- Opening Delimiter -

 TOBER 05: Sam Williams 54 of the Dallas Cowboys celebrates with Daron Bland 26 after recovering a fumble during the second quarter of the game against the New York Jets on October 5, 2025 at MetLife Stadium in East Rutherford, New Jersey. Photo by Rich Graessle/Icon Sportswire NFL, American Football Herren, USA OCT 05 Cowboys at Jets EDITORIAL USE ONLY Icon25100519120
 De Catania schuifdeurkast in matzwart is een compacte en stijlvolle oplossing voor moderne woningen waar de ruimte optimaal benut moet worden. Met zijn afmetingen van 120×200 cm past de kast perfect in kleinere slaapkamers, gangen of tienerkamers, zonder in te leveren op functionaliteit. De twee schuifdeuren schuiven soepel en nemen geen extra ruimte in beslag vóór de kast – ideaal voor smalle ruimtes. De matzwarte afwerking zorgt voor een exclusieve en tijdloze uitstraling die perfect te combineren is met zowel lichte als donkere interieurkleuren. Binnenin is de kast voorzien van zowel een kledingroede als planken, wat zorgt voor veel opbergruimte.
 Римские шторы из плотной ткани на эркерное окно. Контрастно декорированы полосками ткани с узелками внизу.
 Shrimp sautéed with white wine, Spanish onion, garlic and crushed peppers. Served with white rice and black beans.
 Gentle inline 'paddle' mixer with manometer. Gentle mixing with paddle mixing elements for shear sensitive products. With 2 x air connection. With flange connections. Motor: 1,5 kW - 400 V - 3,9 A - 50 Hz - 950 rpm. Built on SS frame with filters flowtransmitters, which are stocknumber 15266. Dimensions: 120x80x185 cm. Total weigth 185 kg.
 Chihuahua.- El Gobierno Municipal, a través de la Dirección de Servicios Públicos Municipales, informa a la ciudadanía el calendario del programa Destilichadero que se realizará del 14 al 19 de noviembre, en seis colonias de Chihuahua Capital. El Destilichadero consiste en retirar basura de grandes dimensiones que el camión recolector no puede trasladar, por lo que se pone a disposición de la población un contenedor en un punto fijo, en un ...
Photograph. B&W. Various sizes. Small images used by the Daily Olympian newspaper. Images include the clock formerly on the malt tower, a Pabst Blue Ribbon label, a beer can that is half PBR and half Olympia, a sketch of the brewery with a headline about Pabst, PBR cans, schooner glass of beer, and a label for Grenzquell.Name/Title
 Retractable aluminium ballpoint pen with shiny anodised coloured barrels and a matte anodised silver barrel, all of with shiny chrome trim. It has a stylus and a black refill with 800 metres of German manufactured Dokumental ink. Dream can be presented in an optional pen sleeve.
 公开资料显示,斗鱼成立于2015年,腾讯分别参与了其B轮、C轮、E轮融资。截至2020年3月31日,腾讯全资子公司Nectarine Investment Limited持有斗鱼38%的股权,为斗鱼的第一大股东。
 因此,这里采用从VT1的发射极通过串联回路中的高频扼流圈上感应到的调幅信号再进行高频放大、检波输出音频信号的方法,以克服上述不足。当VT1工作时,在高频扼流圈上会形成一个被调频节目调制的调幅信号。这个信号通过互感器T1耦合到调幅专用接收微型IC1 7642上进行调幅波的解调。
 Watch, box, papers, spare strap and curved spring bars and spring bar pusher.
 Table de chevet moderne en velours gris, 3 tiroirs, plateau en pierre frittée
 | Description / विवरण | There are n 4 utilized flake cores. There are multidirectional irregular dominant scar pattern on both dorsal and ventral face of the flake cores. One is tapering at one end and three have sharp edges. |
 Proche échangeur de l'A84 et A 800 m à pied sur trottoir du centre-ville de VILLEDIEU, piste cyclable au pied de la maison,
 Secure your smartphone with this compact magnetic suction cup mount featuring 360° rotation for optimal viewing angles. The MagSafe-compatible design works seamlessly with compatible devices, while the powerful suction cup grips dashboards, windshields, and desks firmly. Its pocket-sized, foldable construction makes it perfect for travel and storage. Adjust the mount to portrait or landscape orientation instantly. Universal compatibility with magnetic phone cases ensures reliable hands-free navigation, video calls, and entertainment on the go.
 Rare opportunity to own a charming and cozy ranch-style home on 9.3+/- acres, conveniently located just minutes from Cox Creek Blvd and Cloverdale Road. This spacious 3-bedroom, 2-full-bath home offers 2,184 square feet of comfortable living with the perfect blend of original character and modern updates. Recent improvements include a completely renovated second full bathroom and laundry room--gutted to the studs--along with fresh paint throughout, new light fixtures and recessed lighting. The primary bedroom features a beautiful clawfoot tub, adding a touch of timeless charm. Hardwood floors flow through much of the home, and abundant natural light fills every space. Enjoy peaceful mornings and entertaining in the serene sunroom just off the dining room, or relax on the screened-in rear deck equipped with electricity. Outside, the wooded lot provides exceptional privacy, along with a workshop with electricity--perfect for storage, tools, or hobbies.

- Closing Delimiter -

Keeping every character as it is, restate the lines above that run from the line with "Photograph. B&W. Various" through the line with "Proche échangeur de", both included, and nothing else.

» Answer box
Photograph. B&W. Various sizes. Small images used by the Daily Olympian newspaper. Images include the clock formerly on the malt tower, a Pabst Blue Ribbon label, a beer can that is half PBR and half Olympia, a sketch of the brewery with a headline about Pabst, PBR cans, schooner glass of beer, and a label for Grenzquell.Name/Title
 Retractable aluminium ballpoint pen with shiny anodised coloured barrels and a matte anodised silver barrel, all of with shiny chrome trim. It has a stylus and a black refill with 800 metres of German manufactured Dokumental ink. Dream can be presented in an optional pen sleeve.
 公开资料显示,斗鱼成立于2015年,腾讯分别参与了其B轮、C轮、E轮融资。截至2020年3月31日,腾讯全资子公司Nectarine Investment Limited持有斗鱼38%的股权,为斗鱼的第一大股东。
 因此,这里采用从VT1的发射极通过串联回路中的高频扼流圈上感应到的调幅信号再进行高频放大、检波输出音频信号的方法,以克服上述不足。当VT1工作时,在高频扼流圈上会形成一个被调频节目调制的调幅信号。这个信号通过互感器T1耦合到调幅专用接收微型IC1 7642上进行调幅波的解调。
 Watch, box, papers, spare strap and curved spring bars and spring bar pusher.
 Table de chevet moderne en velours gris, 3 tiroirs, plateau en pierre frittée
 | Description / विवरण | There are n 4 utilized flake cores. There are multidirectional irregular dominant scar pattern on both dorsal and ventral face of the flake cores. One is tapering at one end and three have sharp edges. |
 Proche échangeur de l'A84 et A 800 m à pied sur trottoir du centre-ville de VILLEDIEU, piste cyclable au pied de la maison,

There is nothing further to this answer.